Yolande : Alors moi je suis convaincue qu’effectivement si on baisse le temps de travail on baissera aussi les émissions de gaz à effet de serre et que… parce qu’évidemment ça va avec le reste, c’est-à-dire que si on travaille moins, on aura plus de temps pour s’engager localement dans nos vies, on aura plus de temps pour aller cueillir des orties et ramasser des châtaignes et entretenir les espaces verts, et on n’aura surtout pas forcément plus de salaire pour aller consommer à qui mieux mieux. Voilà. C’est-à-dire que travailler moins ne veut pas dire systématiquement avoir envie de dépenser de l’argent qu’on n’a pas.

Marie José : Ce que vous nous avez présenté est valable pour un monde idéal et nous en sommes loin. Je pense que la réduction du temps de travail va engendrer une grande quantité de délocalisations et de fermetures d’entreprises. J’estime que ce serait une catastrophe pour notre pays.

Jean-Pierre : Oui à moi. Heu… alors il y a tellement de choses à dire sur le sujet que je ne sais pas par où commencer, mais j’aimerais juste rebondir sur ce qui a été dit auparavant à savoir qu’il y a une mesure qui a été proposée, un objectif qui était d’accompagner les artisans, et il a été dit [ils sont la] principale source d’emplois en France. Moi je connais bon nombre d’artisans qui aujourd’hui heu… s’engagent à ne pas faire plus de travail, tout simplement pour ne pas recruter parce que la charge de…. que le coût du travail est tellement important que l’intérêt et la rentabilité qu’ils pourraient en tirer n’est juste pas possible. Voilà où on en est aujourd’hui en France. Heu… alors… C’est un sujet assez complexe. Moi je suis d’accord sur le principe qu’il faudrait partager son travail avec tout le monde et puis que tout le monde soit heureux, mais j’ai le sentiment que la réalité économique est un peu différente. Aujourd’hui la première charge financière d’une entreprise est quand même le coût du travail, heu… l’augmenter j’suis pas sûr que ce soit une source de réussite dans le futur, indépendamment de la crise économique que nous vivons aujourd’hui. Je crois qu’on n’a pas suffisamment de compétitivité aujourd’hui en France pour pouvoir se le permettre. Voilà.
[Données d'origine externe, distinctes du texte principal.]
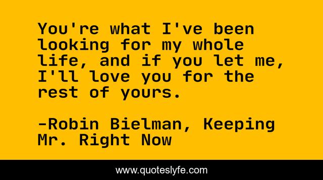 "Robin Bielman, Keeping Mr. Right Now Quotes." Quoteslyfe.com, 2025. Sat. 06 Dec. 2025. <https://www.quoteslyfe.com/quote/You-re-what-I-ve-been-looking-18208>.
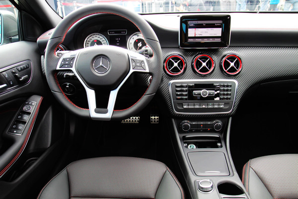 內裝設計也是A-Class具備時尚本色的緣由,皮質座椅列為 A180 Style及A200 CDI Urban標配,採用ARTICO人造皮質;A250 Sport則添加DINAMICA纖維織布搭配,打造包覆性十足的動感座椅。多功能 NAPPA 真皮方向盤,讓駕駛人隨時掌握車輛資訊數據與多媒體操控。中控台上嵌入 5.8 吋彩色顯示幕,現可利用中央扶手內的USB連接埠,與智慧型手機連結,無論是傳統CD播放,或是手機儲存的 MP3/WMA/AAC 音樂檔案都可輕鬆隨選隨聽。後行李廂容量341公升,並具備60/40 分離椅背調整功能能將容量一舉擴充至 1157 公升。
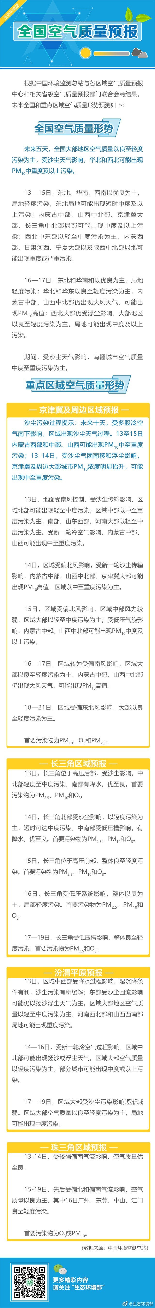 央视网消息:据@生态环境部 微博消息,未来五天(4月13—17日),全国大部地区空气质量以良至轻度污染为主,受沙尘天气影响,华北和西北可能出现PM10中重度及以上污染。
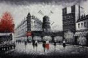 Modern Art Spaziergang am Moulin Rouge Paris d88766 60x90cm Ölbild handgemalt Dieses Gemälde ist meisterhaft mit Ölfarben handgemalt und auf fester Leinwand verewigt. Achtung, kein Kunstdruck! Alle alten Meister sind handgemalte Reproduktionen! Sie sehen hier das Originalfoto von dem Gemälde. Sie erhalten das Gemälde ohne das KD24 Logo
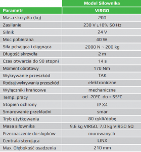 • Siłownik BFT VIRGO z wbudowaną centralą sterującą LINX
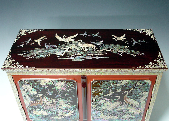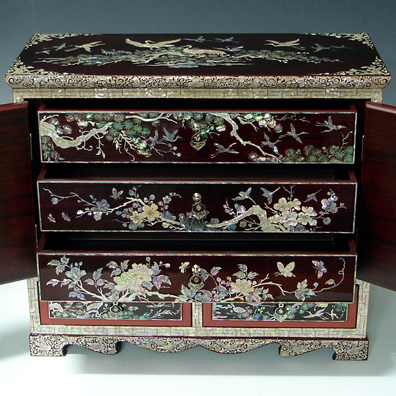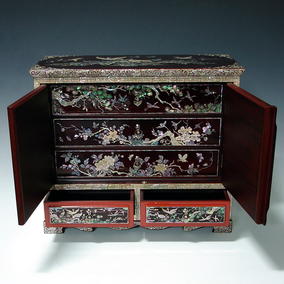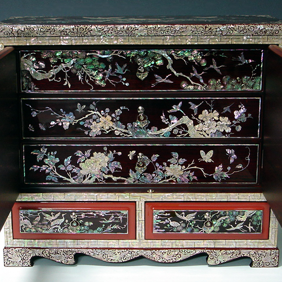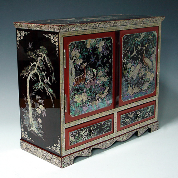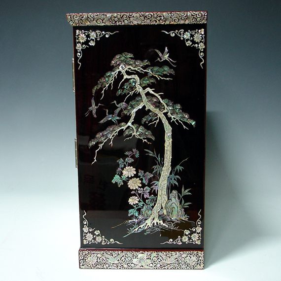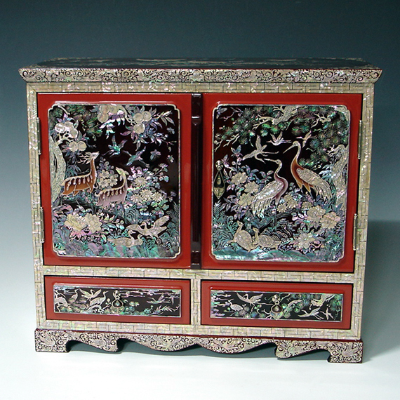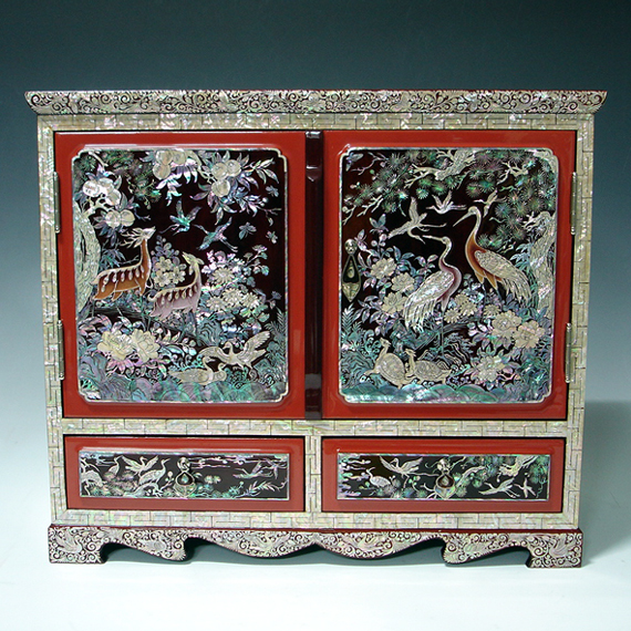 This exquisite big jewelry box is lavishly decorated with a mother of pearl design of sipjangsaeng, 10 creatures that ancient Koreans, influenced by the Taoist philosophy, believed were created to enjoy eternal youth: sun, stone, water, cloud, pine tree, deer, bulnocho ('herb of eternal youth'), turtle, crane, and mountain. Inspired by the belief in a Taoist utopian world resided by Taoist elders who had found the secret of eternal life, ancient Koreans revealed their dreams of such a world through the 10 creatures.
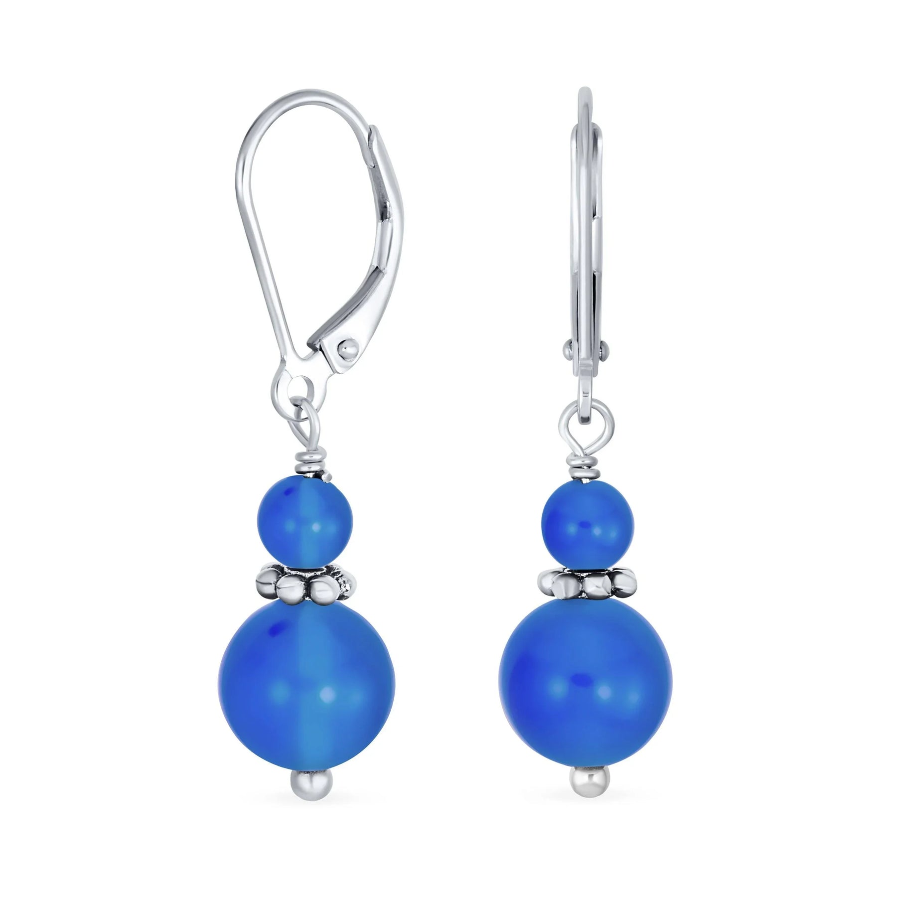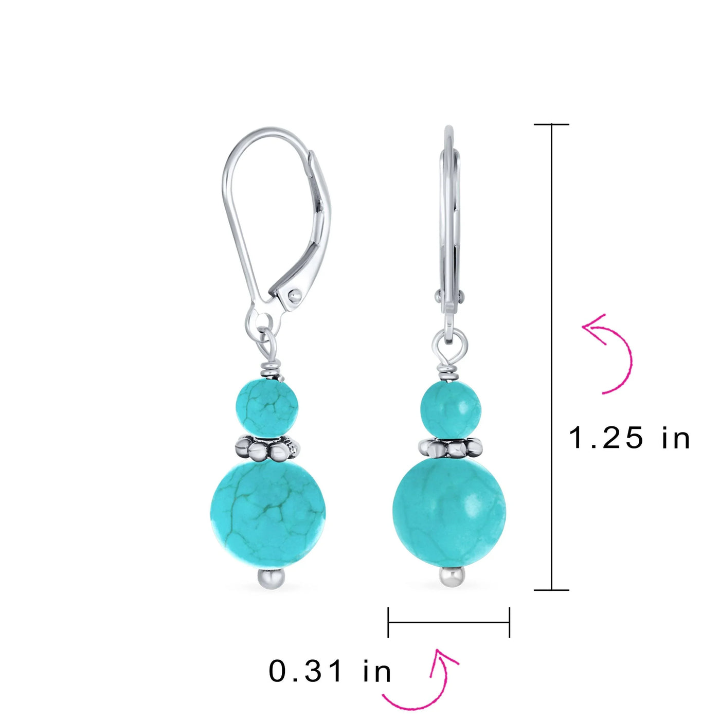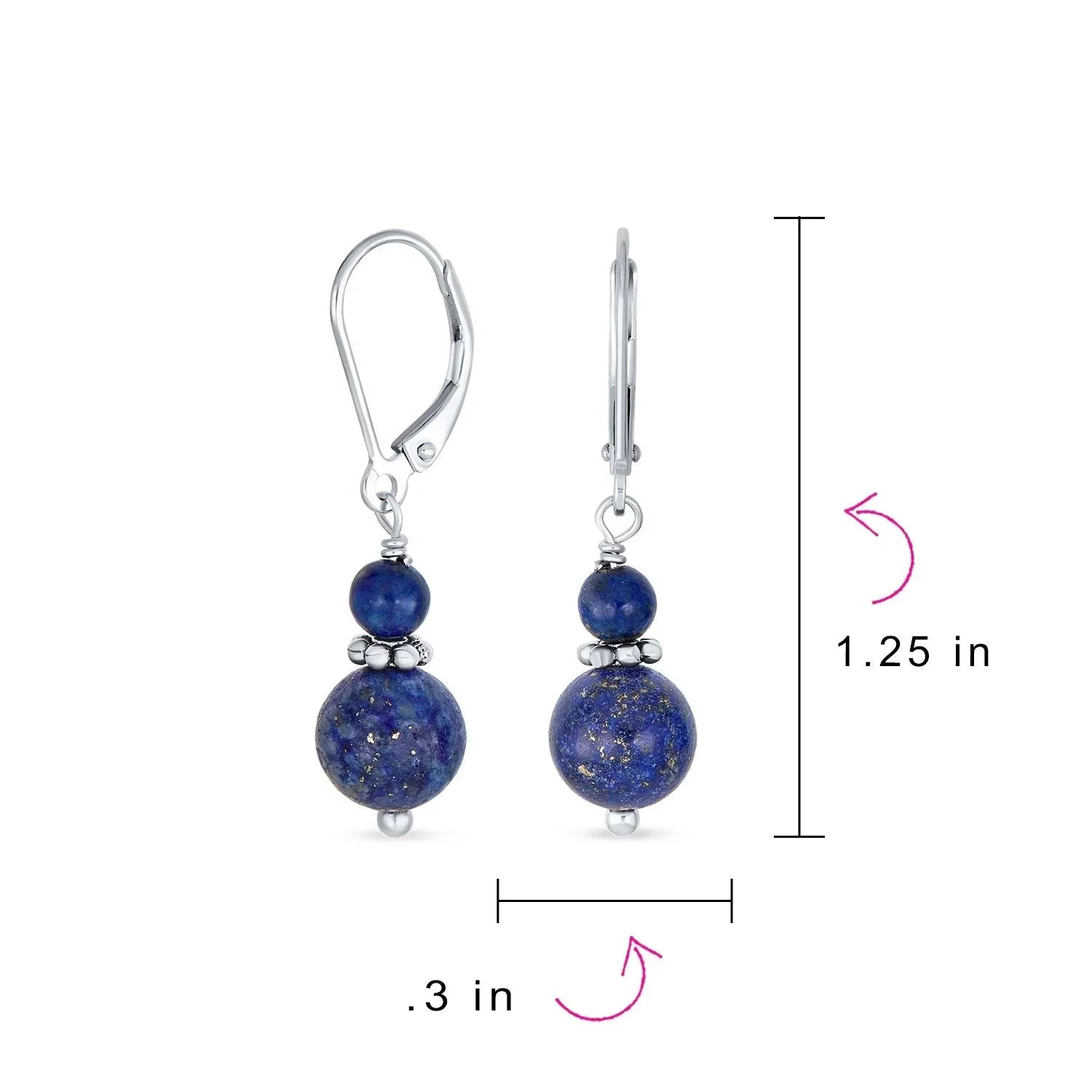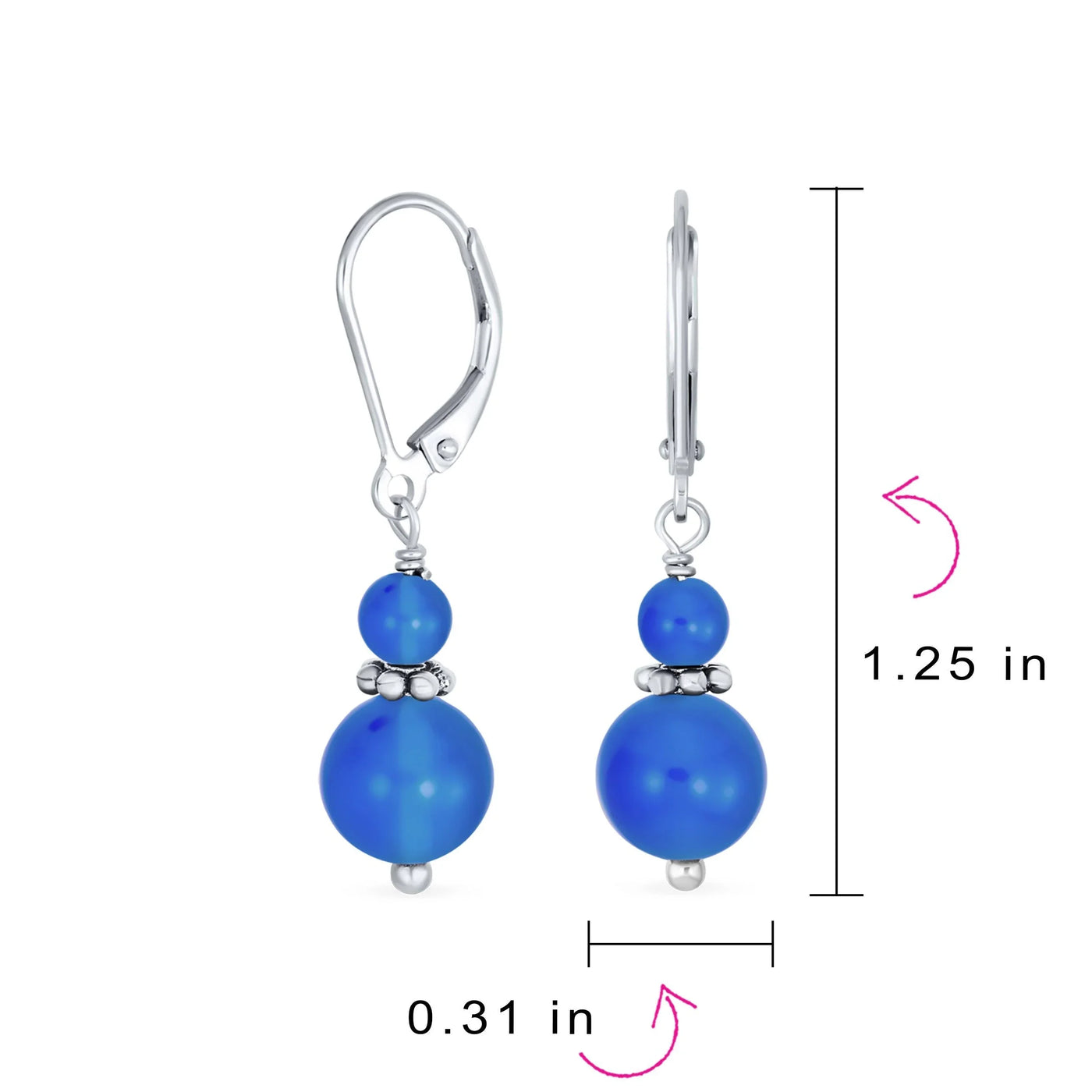 - Measure: 1.25 inch L x 0.31" W Weight: 3.2 Grams Material: .925 Sterling Silver Blue Agate Stone: 4 and 8MM bead drop balls
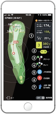 また余分な装飾や機能をそぎ落としたシンプルなレイアウトであり、距離測定がしやすいこともこのゴルフアプリの魅力。もちろんハザード距離のワンタッチ表示やホールの自動切り替え、風向きメーターなど、必要な機能は十分に備えています。
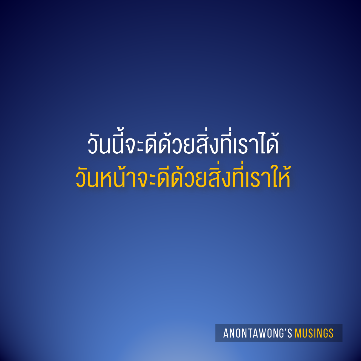 เพราะวันนี้จะดีด้วยสิ่งที่เราได้ และวันหน้าจะดีด้วยสิ่งที่เราให้ครับ
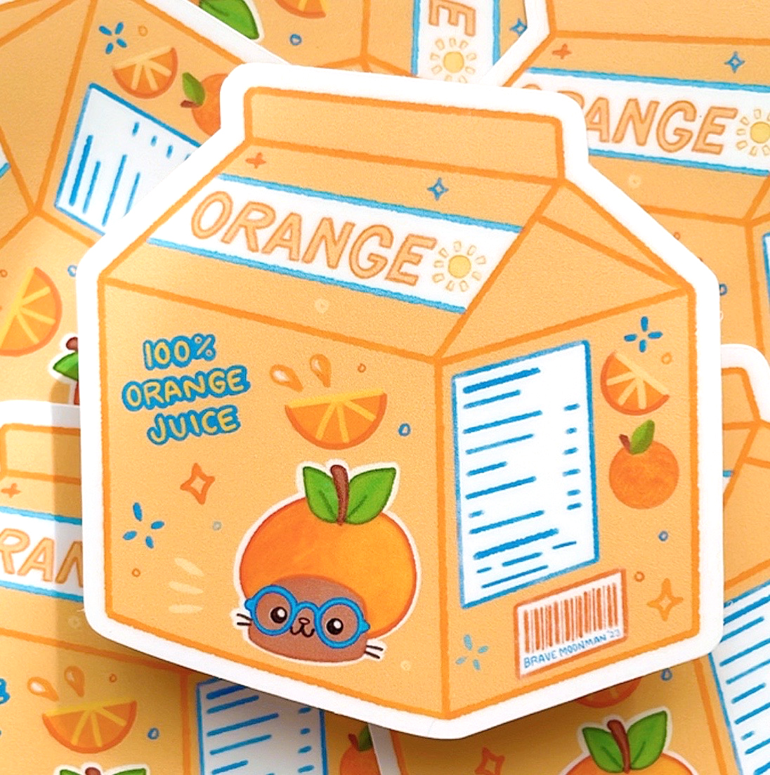 This cute vinyl sticker features Orange Cat on a carton of fresh squeezed orange juice!

Marine : Ok on m’entend ? Heu ben moi je suis totalement contre cette mesure. Autant le 130/110 (2) j’étais aussi contre, mais je comprenais les fondements et les raisons de pourquoi on voulait faire cette mesure, autant là comme on l’a dit précédemment je ne pense pas qu’on soit prêt pour ce genre de changement. On a comparé cela avec le confinement. Sauf que le confinement c’était exceptionnel et donc du coup les gens ont agi de manière exceptionnelle. Donc déjà faut pas comparer les deux. Ensuite y’a des personnes de mon entourage qui sont plus âgées que moi, qui pour elles passer aux 35 heures ça leur a fait mal. Pourtant nous aujourd’hui bon bah ça va, mais vraiment ça a fait mal à ce moment-là et des fois ça ne passe pas encore. Ensuite, comme l’a dit Mélanie, c’est pas parce qu’on travaille moins et qu’on a plus de temps pour nous, qu’on ne va pas bouger, qu’on ne va pas partir en week-end ou en vacances, donc au final ça reviendra au même et c’est nul je trouve. Et dernièrement — il y a plein d’autres raisons pour lesquelles je suis contre et qu’il faut pas que ça passe — mais vraiment on va passer, je pense, pour des guignols auprès de la France si on fait passer une mesure comme celle-là. Gagner tout autant tout en travaillant moins ça va juste être très négatif pour notre image quoi.

[Applaudissements]

Nicolas : Est-ce qu’on m’entend ? Oui on m’entend c’est très bien. Heu… donc moi je m’oppose aussi à cette mesure tout simplement parce que la mesure est basée sur des suppositions. On n’est pas sûr que si on travaille moins ensuite les personnes sur leur temps libre vont consommer moins ou même s’engager socialement dans leur commune. Et même au vu de la situation économique actuelle, clairement comme a dit Marine on va passer pour des guignols parce qu’on est dans une crise économique et pour s’en sortir il va falloir qu’on relance quand même l’économie et travailler du coup. Et là c’est un point de vue personnel, le travailler moins — gagner tout autant voire plus, heu ça ne me vend pas spécialement du rêve. Voilà. Merci.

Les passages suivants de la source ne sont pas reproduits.